No one has any idea on this?


----------



## Village Idiot (Jun 14, 2011)

As far as I know, neither the Mini or the Air have a shoe, so you couldn't stack one on the other. The PW flexes do, so you could probably stack the Air on that. And I'm assuming that the air is just a regular trigger, so a PW should fire it just fine. You'd have to test it out first.

I don't know why you'd want to mix TTL control with manual lights though. A different meter reading from a certain shade or color could mean that your speedlights are going to compensate enough to cause a noticable change in the exposure of a photo compared to your other lights.


----------



## Big Mike (Jun 14, 2011)

I haven't been keeping up on what Pocket Wizard is doing...but I was under the impression that only the Canon compatible TL/Flex models had been released.  They had such a problem with them that they still hadn't released the Nikon version yet.  

I don't know anything about the Profoto Air system, but I would imagine that you should be able to fire them (manually) alongside TTL flashes.  But you would need a receiver unit on each strobe, so that the TTL preflash doesn't trigger them prematurely.  
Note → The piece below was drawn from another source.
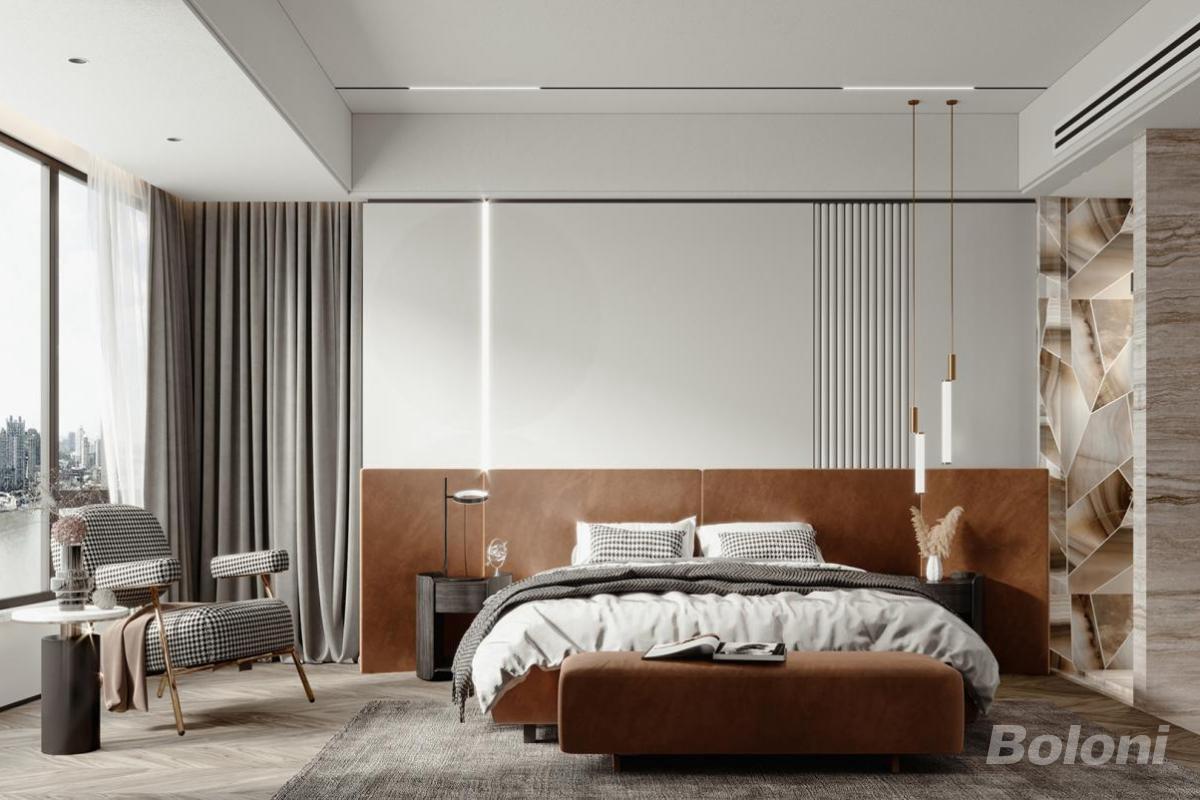 本案以低饱和色调铺陈轻奢卧室基底:焦糖皮质床头作暖调核心,黑金门格纹软装点缀精致,大理石肌理墙与悬浮灯带揉入高级感,人字木地+灰调纱帘柔化空间。轻简线条里藏着材质碰撞,让休憩场域兼具松弛与质感。

Not really the same set up, but for wedding receptions, I do often mix TTL and manual.  I put a studio strobe up in a fixed location and trigger it with a Cyber Sync.  Then I have a TTL flash on the camera.  I usually adjust the exposure so that the remote light is acting as the main light light or a back light, then on-camera flash is dialed down (FEC) to act as fill.  Although, I can easily change the exposure to reverse those roles, which gives me a lot of creative control while shooting on the fly.  I could use the on-camera flash in manual as well, but because the distance is constantly changing, it's just easier to use TTL.


----------



## Village Idiot (Jun 14, 2011)

Shipping as of 1/18/11

PocketWizard® - MiniTT1 & FlexTT5 Radios for Nikon Now Shipping Worldwide


----------